[[ SUPPLIED DATA open ]]

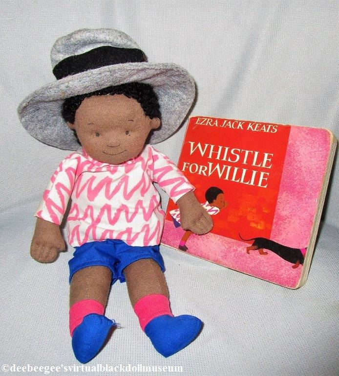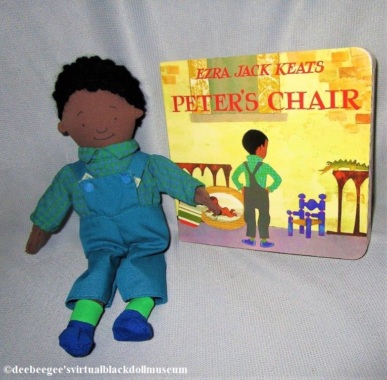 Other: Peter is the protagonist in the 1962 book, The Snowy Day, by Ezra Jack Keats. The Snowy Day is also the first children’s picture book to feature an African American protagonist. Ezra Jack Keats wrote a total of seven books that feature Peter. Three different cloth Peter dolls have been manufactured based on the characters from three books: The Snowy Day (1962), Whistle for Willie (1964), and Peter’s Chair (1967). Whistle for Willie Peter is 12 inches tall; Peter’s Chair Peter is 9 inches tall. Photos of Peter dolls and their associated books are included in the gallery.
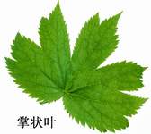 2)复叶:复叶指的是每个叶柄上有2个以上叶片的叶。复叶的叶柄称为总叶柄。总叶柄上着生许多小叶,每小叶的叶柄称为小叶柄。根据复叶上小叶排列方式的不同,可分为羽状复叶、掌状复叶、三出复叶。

[[ SUPPLIED DATA closed ]]
[[ SUPPLIED DATA open ]]

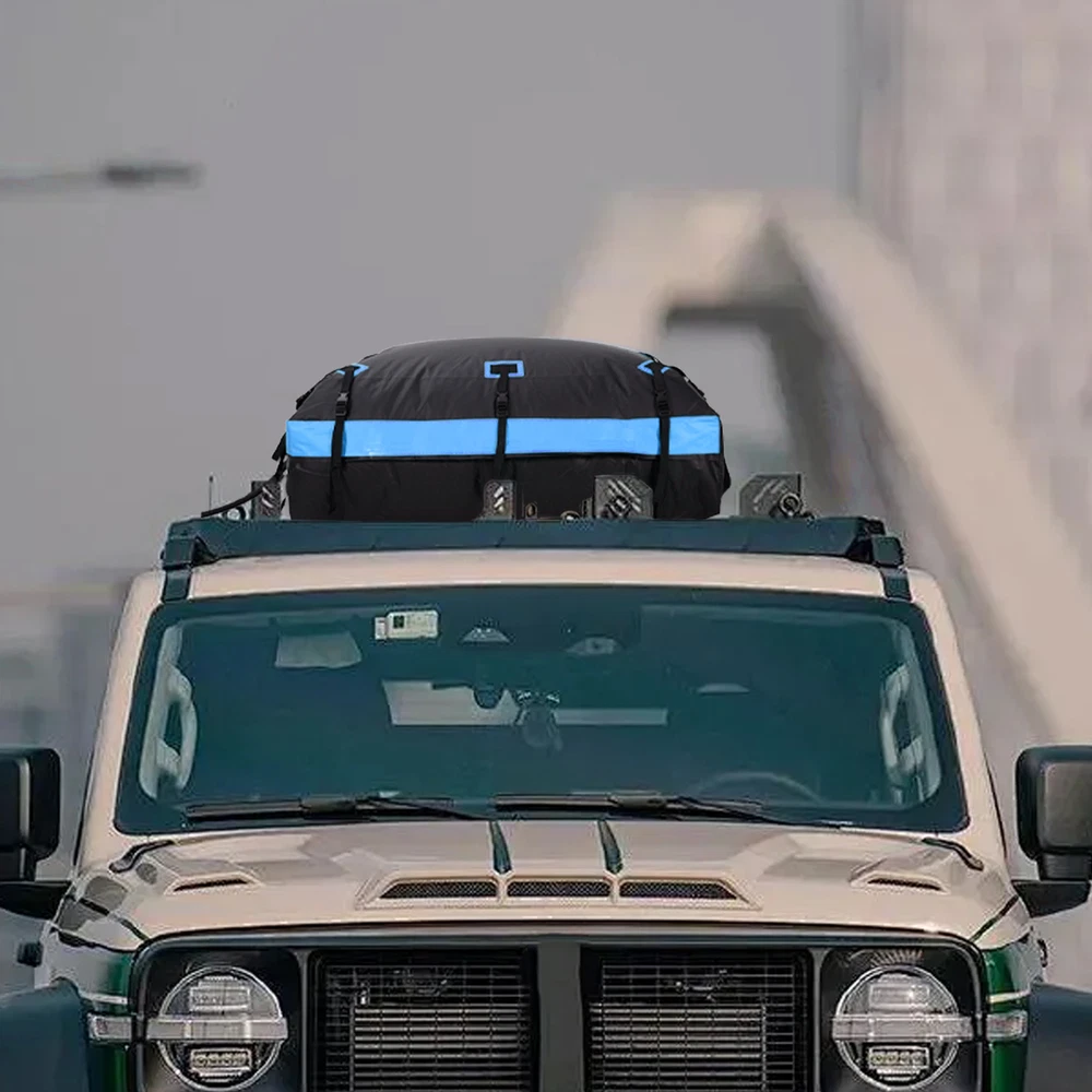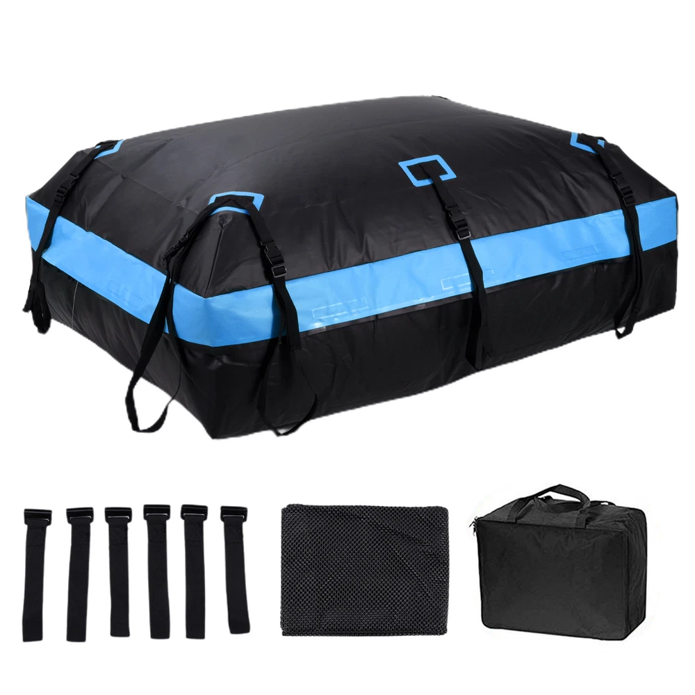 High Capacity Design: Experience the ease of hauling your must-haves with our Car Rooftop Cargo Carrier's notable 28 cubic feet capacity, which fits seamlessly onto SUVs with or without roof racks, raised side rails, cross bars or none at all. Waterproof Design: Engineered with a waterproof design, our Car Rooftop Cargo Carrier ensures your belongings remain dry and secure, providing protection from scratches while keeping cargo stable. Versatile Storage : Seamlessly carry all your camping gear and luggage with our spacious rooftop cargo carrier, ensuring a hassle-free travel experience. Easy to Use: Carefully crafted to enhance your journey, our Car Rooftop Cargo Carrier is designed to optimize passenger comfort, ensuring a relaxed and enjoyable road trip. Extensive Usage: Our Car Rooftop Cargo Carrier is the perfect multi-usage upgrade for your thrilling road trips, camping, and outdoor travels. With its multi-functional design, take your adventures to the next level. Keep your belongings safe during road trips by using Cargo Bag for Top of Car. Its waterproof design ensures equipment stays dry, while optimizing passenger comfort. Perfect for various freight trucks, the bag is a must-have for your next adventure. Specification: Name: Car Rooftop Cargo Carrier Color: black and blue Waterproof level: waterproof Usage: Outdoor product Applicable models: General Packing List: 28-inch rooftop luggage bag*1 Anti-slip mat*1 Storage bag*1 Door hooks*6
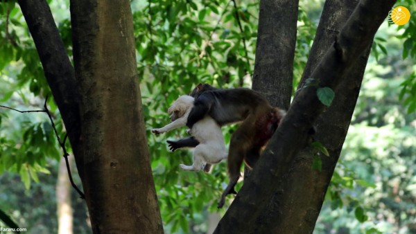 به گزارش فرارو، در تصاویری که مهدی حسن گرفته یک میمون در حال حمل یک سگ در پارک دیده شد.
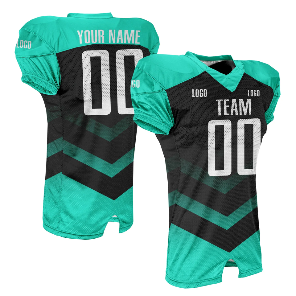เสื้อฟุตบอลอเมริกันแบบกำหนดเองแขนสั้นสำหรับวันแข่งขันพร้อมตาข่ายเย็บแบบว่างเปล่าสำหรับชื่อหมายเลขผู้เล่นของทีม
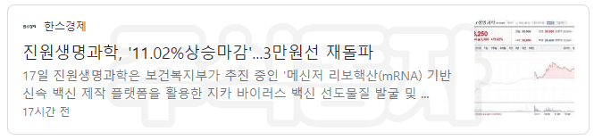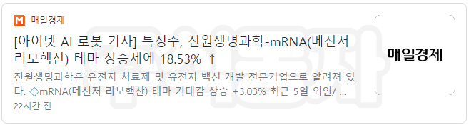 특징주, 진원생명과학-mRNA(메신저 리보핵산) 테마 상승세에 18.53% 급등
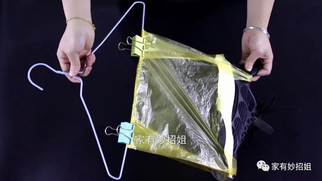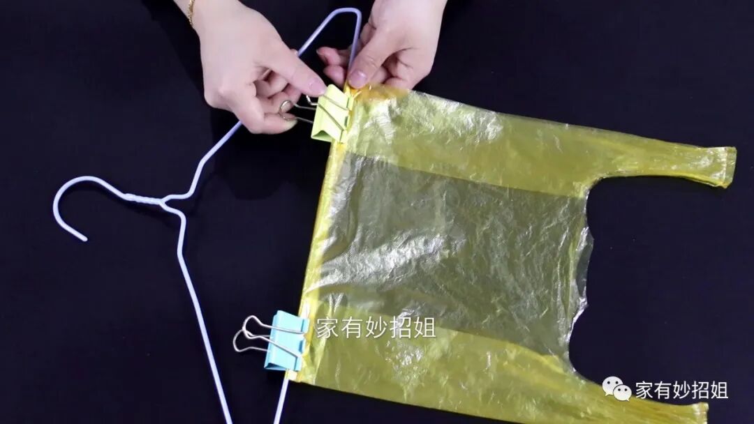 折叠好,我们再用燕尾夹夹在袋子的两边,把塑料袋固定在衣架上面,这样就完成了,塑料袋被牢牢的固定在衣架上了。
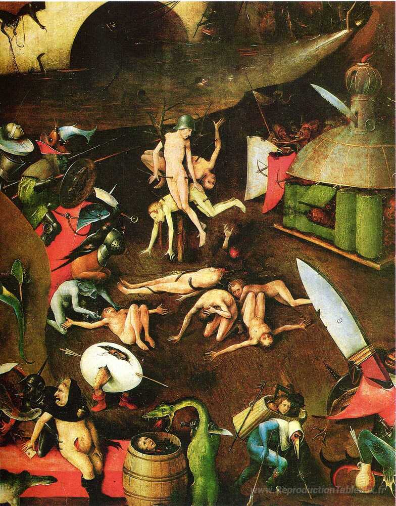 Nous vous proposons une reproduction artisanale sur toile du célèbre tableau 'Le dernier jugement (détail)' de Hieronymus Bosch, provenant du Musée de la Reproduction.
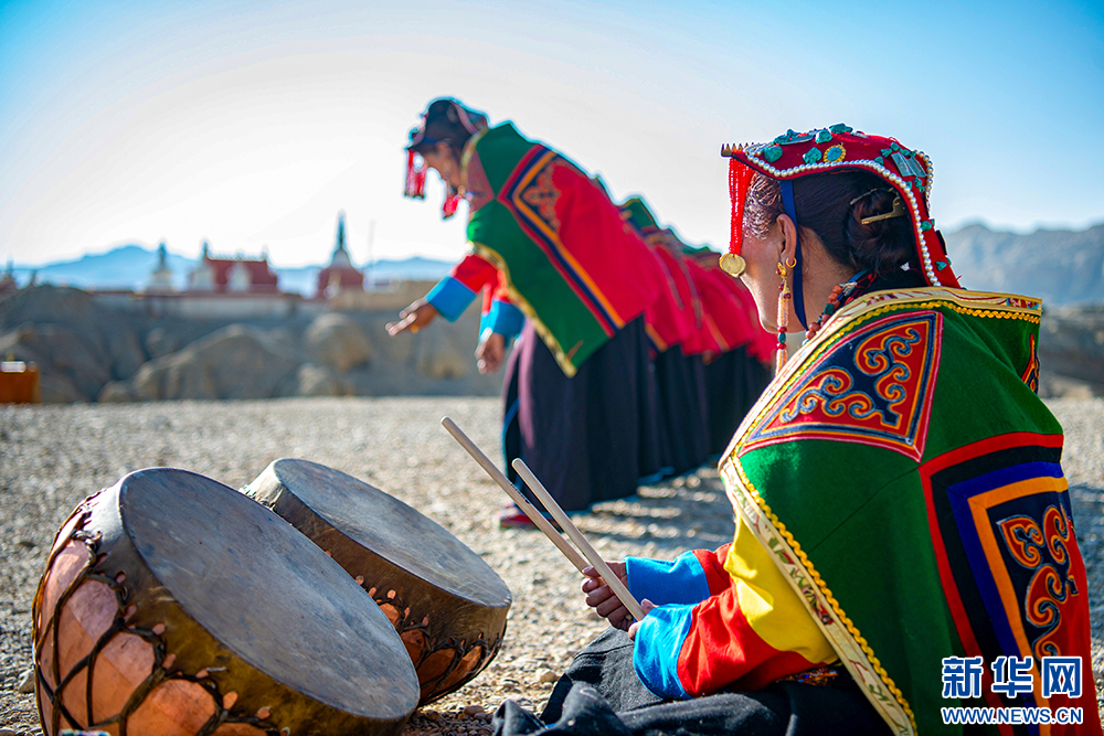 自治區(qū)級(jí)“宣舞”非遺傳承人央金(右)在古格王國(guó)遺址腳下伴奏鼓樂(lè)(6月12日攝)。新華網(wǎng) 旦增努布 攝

[[ SUPPLIED DATA closed ]]

_EXERCISE_
Leave out every picture, and copy exactly the lines above starting at the one holding "折叠好,我们再用燕尾夹夹在袋" and ending at the one holding "Nous vous proposons", no more and no less.

_RESULT_
 折叠好,我们再用燕尾夹夹在袋子的两边,把塑料袋固定在衣架上面,这样就完成了,塑料袋被牢牢的固定在衣架上了。
 Nous vous proposons une reproduction artisanale sur toile du célèbre tableau 'Le dernier jugement (détail)' de Hieronymus Bosch, provenant du Musée de la Reproduction.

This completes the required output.